How to grow pea in Australia

Also known as: Garden Pea

VegetableAnnual65 days to harvest

Peas are a cool-season crop that rewards patience. They grow slowly through winter, then suddenly produce armfuls of sweet pods over a few weeks in spring. Fresh garden peas eaten straight from the vine are one of those vegetables that genuinely don't compare to the supermarket version — the sugars start converting to starch the moment you pick them, which is why supermarket peas always taste a little flat. Growing your own is the only way to eat peas at their best. The catch is timing: peas hate heat and bolt the moment summer arrives, so you need to get them in early.

When to plant

Peas need cool conditions to grow well — between about 10–20°C. They tolerate light frost once established but seedlings can be damaged by hard frosts. Hot weather above 25°C causes flowers to drop and pods to fail to set.

Tropical (Darwin, Cairns, Broome)

May to July in the dry season. Peas are marginal in tropical climates — the cool window is short and humidity causes fungal disease. Snow peas often do better than shelling peas in these conditions.

Subtropical (Brisbane, Gold Coast, Townsville)

March to July. Plant April or May for harvest June to September. The cool season window is generous in southeast Queensland.

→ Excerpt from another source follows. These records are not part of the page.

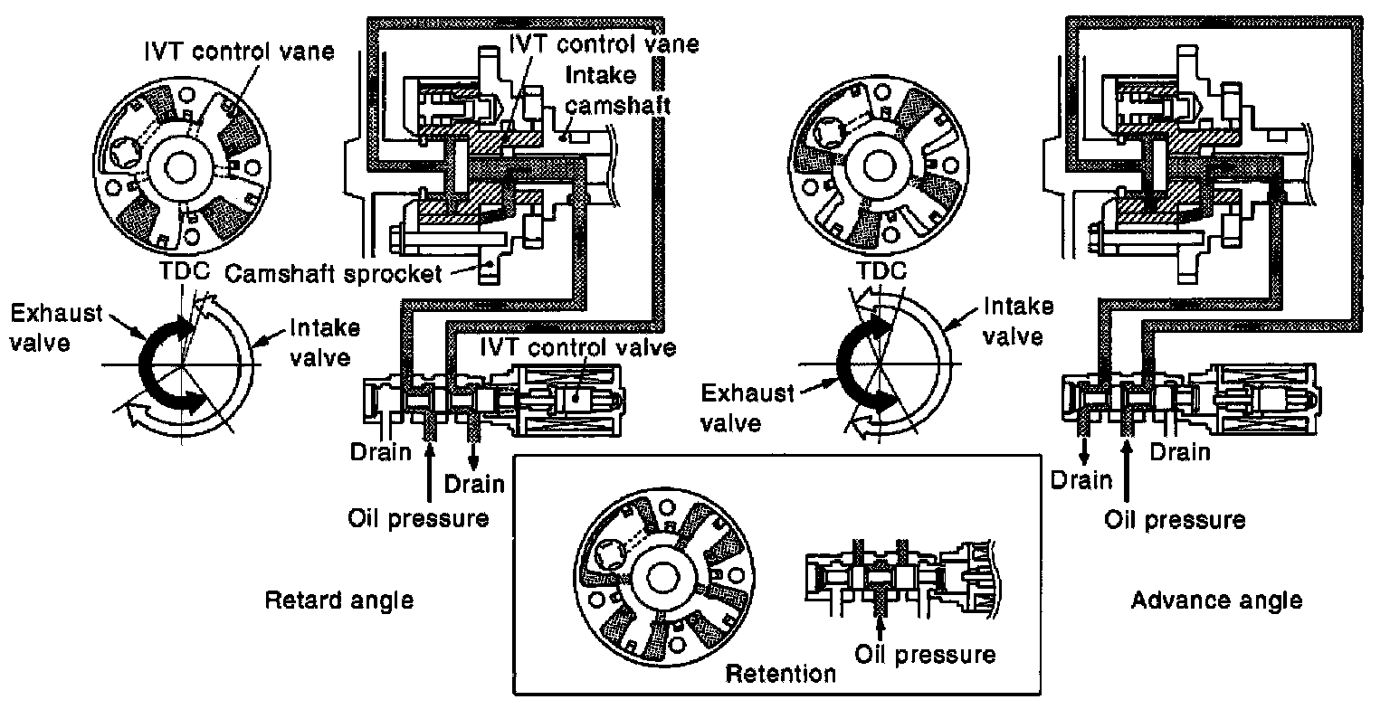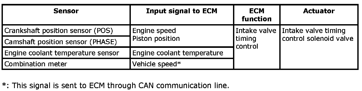 The ECM receives signals such as crankshaft position, camshaft position, engine speed, and engine coolant temperature. Then, the ECM sends ON/OFF pulse duty signals to the intake valve timing control solenoid valve depending on driving status. This makes it possible to control the shut/open timing of the intake valve to increase engine torque in low/mid speed range and output in high-speed range.
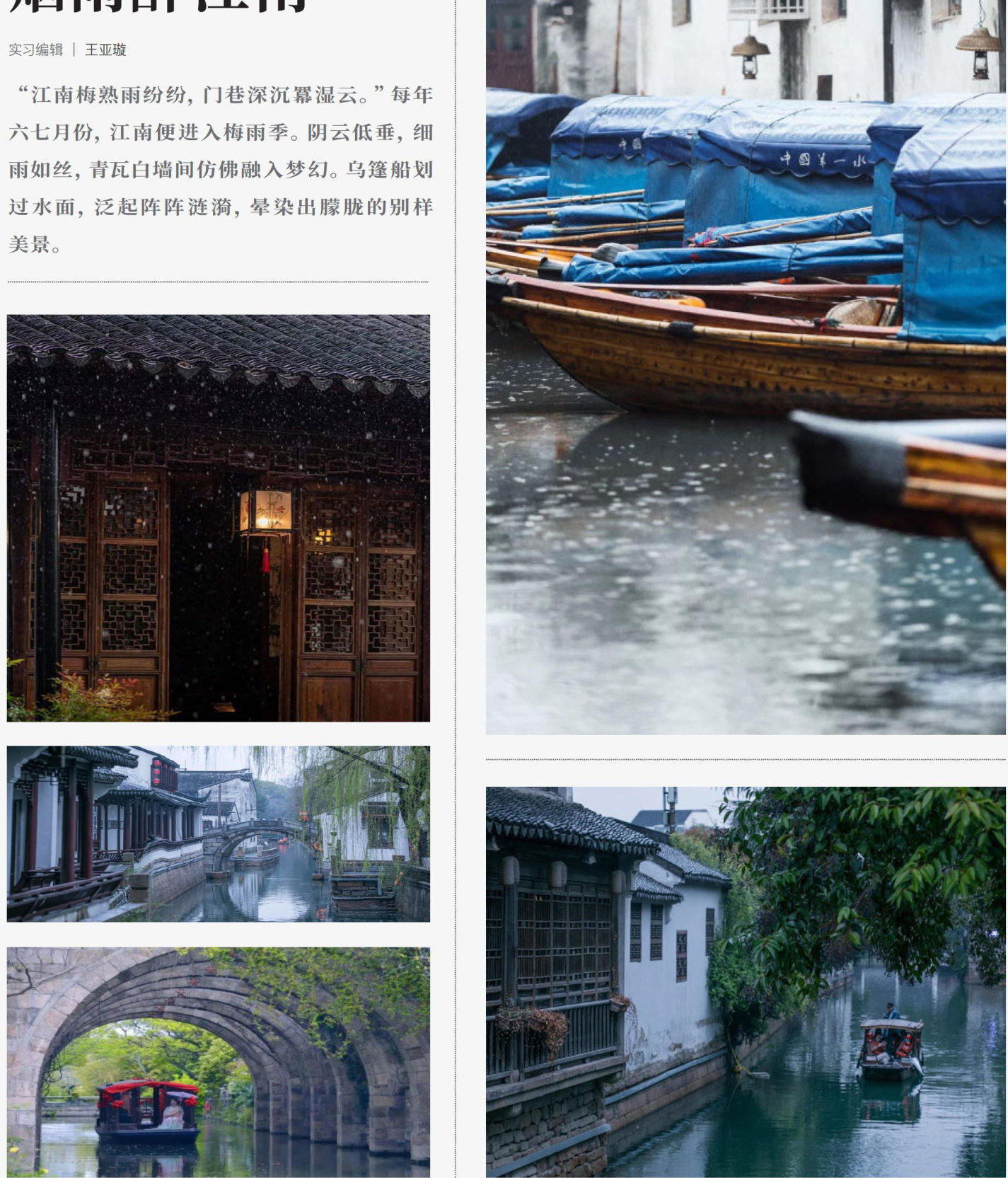 “江南梅熟雨纷纷,门巷深沉羃湿云。”每年六七月份,江南便 进入梅雨季。阴云低垂,细雨如丝,青瓦白墙间仿佛融入梦幻。(剩余33字)
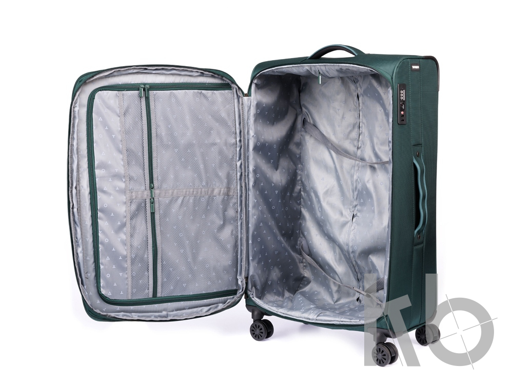 Чемодан полностью раскрывается на 2 отделения, с перегородкой на молнии и ремнями для надежной фиксации вещей на месте.
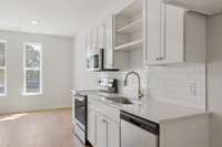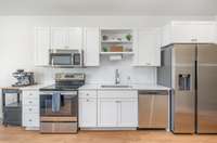 This condo conveys with an LG 2- in- 1 washer/ dryer, Samsung stainless steel refrigerator, and features a professionally installed sliding bedroom door, adding privacy while preserving the modern layout.
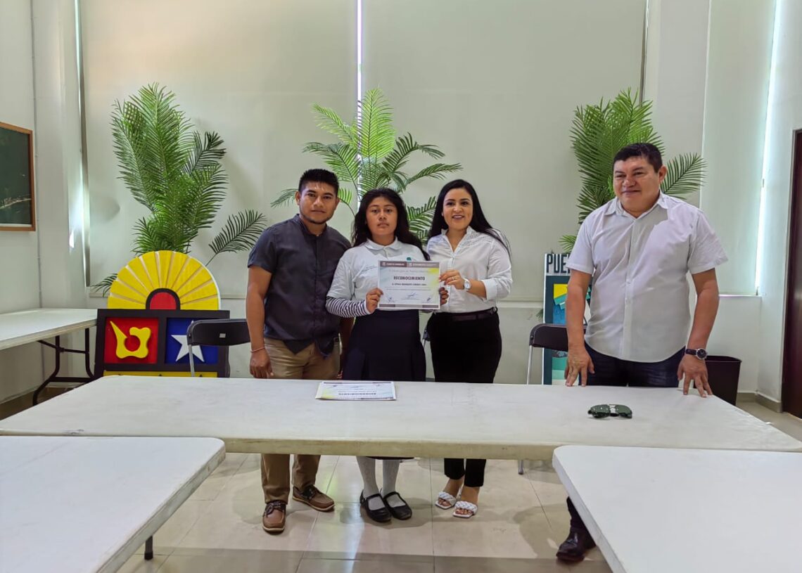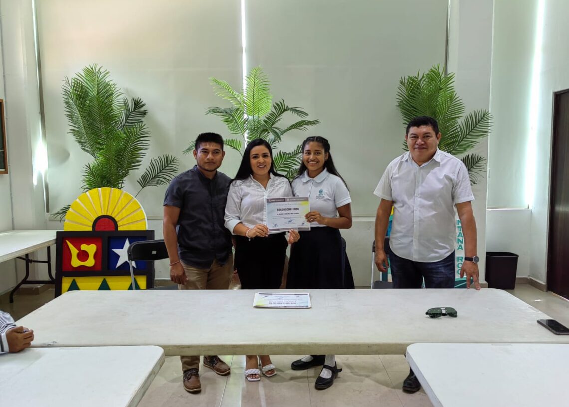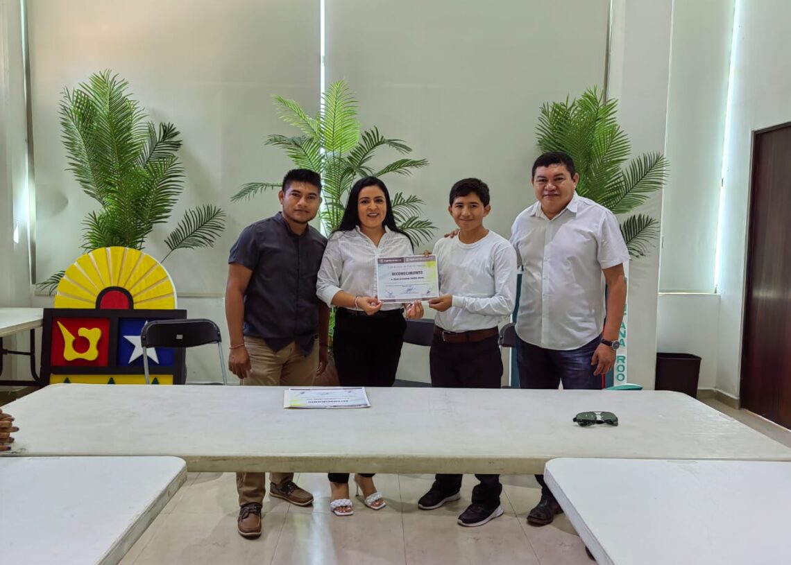 Puerto Morelos, Quintana Roo, 3 de octubre de 2022.— La presidenta municipal Blanca Merari Tziu Muñoz entregó hoy reconocimientos a cuatro jóvenes que obtuvieron su calificación en sus disciplinas deportivas y ahora competirán en la fase nacional, a quienes refrendó su apoyo para seguir su carrera deportiva.
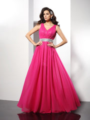 A-Line/Princess V-neck Paillette Sleeveless Long Chiffon Dresses
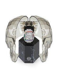 The Skeleton 44mm Philipp Plein's iconic Skeleton collection began as a sneaker line, with key elements translating into the world of fine watchmaking. A case in point, this 44mm timepiece is powered by automatic movement and features an intricate transparent dial that spotlights the inner mechanism. It's outlined with colourful crystal embellishments in a nod to the brand's statement aesthetic. Highlights - 44mm - Silver-tone - Stainless steel - Tonneau face - Skeleton dial - Guilloche dial - Crystal index - Baton hands - Central hours, minutes and seconds - Crystal-encrusted bezel - Screw-down crown - Skeleton case back - Black - Rubber strap - Pin-buckle fastening - Automatic movement - Water resistance up to 50m/5 atm - This item comes with a standard one-year warranty from the brand. Made in Italy Composition stainless steel 100%, Mineral Glass 100%, Silicone 100%
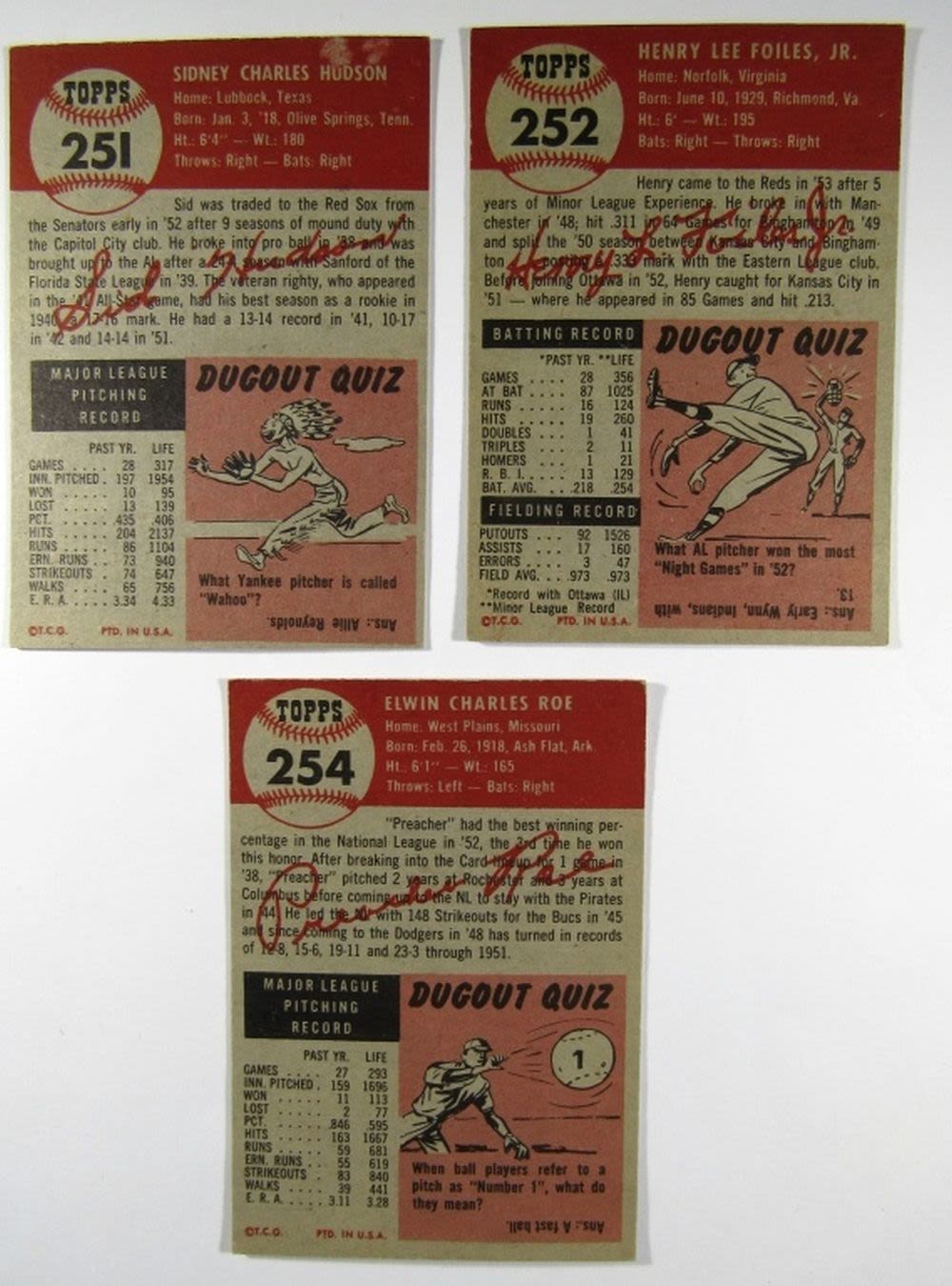 #251 HUDSON VG top border scuff, #252 FOILES EX+, #254 ROE EX – ALL NICE COLOR / GLOSS
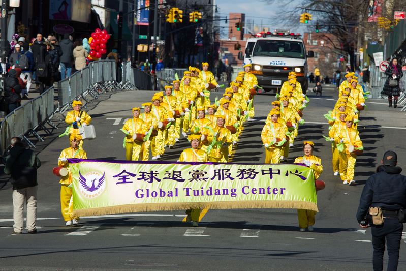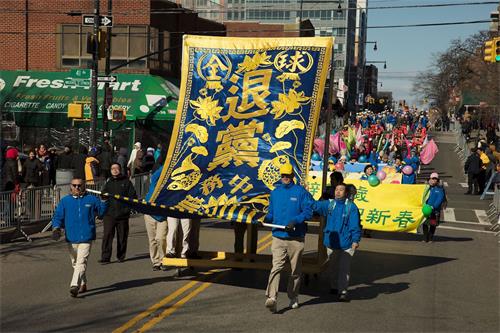 【明慧网二零一九年二月十二日】二零一九年二月九日大年初五,一年一度的纽约华人中国新年大游行在法拉盛隆重举行。上万人的游行队伍,载歌载舞;数万名各族裔观众,扶老携幼,驻足观看,共庆中国新年。全球.退:党!服务中心以其新颖别致的“凤凰”花车设计,向民众传递着重大喜讯:选择三:退.(退出中国共产党、共青团、少先队),生命将获得美好未来。当天有三百零九位华人声明三:退.。
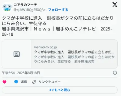 【(・(ェ)・)】クマが中学校に進入 副校長がクマの前に立ちはだかりにらみ合い、生徒守る 岩手県滝沢市

Warm temperate (Sydney, Perth, Adelaide)

March to August. Sydney and Perth gardeners have a long pea window. Plant successively every 3–4 weeks for continuous harvest through winter and spring.

Cool temperate (Melbourne, Ballarat, Bendigo)

March to August. Melbourne is excellent pea territory. Autumn plantings produce a winter-to-spring harvest. Plants tolerate light frost.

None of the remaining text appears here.